Among the records that follow, find the line with "När samtliga nya" and the line with "輪切りにしたペーパー芯を鉛筆で巻いたりして形を作り、枠の中に入れて行きます。". Set down those lines and all lines between them exactly, without adding anything.
BEGIN Input data
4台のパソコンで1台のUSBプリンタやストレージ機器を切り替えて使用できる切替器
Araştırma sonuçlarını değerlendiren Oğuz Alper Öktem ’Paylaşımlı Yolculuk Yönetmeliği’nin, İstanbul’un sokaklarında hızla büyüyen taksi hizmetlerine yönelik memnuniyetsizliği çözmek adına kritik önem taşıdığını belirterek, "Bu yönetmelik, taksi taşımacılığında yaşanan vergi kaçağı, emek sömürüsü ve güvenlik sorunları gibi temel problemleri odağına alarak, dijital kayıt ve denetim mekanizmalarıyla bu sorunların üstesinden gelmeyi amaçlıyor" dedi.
END Input data
BEGIN Input data
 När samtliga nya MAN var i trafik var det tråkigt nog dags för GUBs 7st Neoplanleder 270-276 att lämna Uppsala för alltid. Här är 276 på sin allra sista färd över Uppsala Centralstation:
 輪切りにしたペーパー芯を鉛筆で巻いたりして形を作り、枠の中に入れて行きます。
END Input data
BEGIN Input data
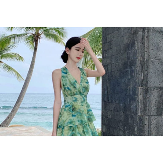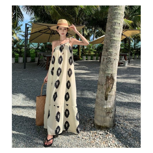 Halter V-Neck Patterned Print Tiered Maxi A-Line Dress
END Input data
# Output below:
 När samtliga nya MAN var i trafik var det tråkigt nog dags för GUBs 7st Neoplanleder 270-276 att lämna Uppsala för alltid. Här är 276 på sin allra sista färd över Uppsala Centralstation:
 輪切りにしたペーパー芯を鉛筆で巻いたりして形を作り、枠の中に入れて行きます。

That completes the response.